### Task data
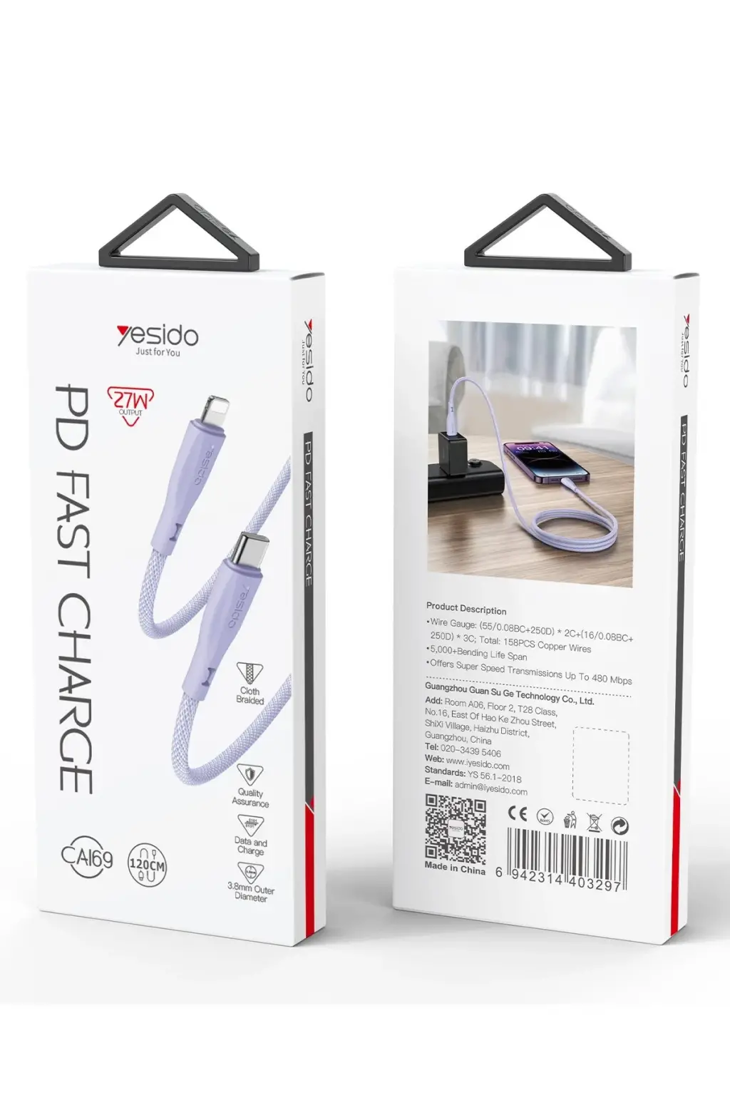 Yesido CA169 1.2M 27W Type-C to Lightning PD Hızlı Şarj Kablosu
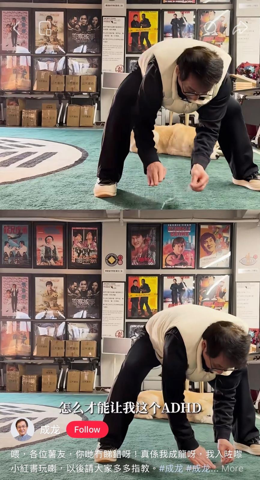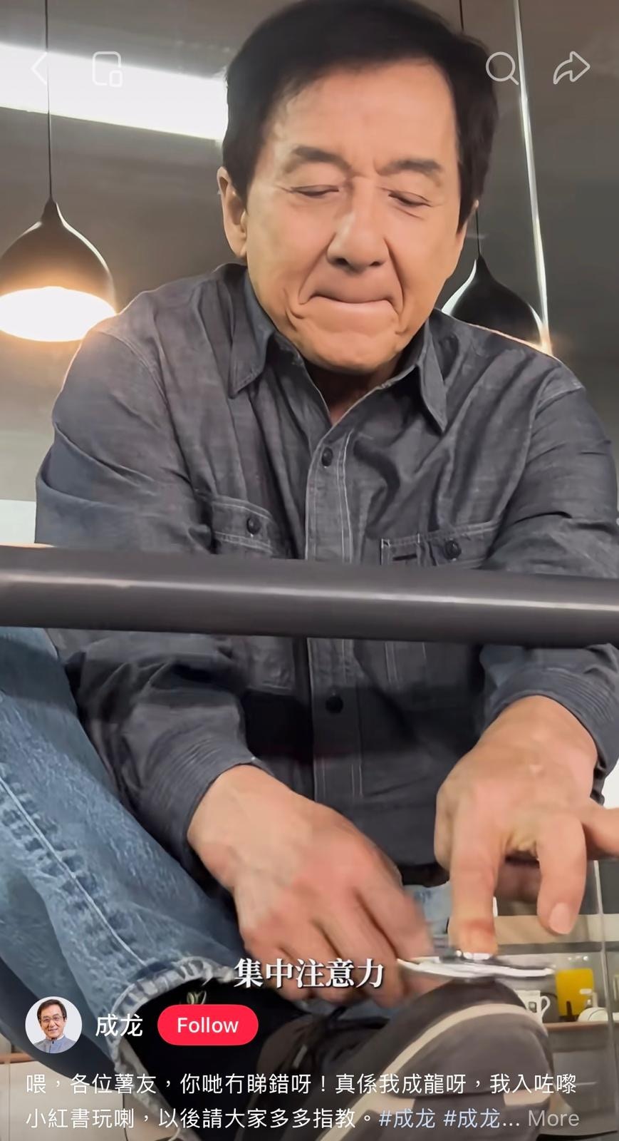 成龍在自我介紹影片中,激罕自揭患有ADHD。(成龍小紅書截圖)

---

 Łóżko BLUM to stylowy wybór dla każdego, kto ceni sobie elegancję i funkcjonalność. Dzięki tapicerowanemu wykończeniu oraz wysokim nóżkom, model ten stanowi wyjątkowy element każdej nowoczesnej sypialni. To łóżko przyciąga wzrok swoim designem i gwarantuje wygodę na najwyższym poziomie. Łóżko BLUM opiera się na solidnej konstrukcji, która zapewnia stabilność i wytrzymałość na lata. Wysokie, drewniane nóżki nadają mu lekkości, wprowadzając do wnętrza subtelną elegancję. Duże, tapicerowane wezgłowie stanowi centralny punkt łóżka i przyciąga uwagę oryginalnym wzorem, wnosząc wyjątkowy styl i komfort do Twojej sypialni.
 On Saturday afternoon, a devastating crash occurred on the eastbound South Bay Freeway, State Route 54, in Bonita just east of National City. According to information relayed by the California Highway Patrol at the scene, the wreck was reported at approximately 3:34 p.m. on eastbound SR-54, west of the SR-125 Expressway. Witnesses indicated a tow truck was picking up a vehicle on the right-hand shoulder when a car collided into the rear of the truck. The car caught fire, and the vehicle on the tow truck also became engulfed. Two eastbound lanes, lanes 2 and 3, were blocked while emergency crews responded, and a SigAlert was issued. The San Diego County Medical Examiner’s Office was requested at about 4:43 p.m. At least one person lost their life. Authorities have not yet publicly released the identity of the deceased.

### What is being asked
Using the data above, return the lines from the one holding "Yesido CA169 1.2M" through the one holding "成龍在自我介紹影片中,激罕自揭患有ADHD。(成龍小紅書截圖)" exactly, but not the pictures.

### Problem solution
 Yesido CA169 1.2M 27W Type-C to Lightning PD Hızlı Şarj Kablosu
 成龍在自我介紹影片中,激罕自揭患有ADHD。(成龍小紅書截圖)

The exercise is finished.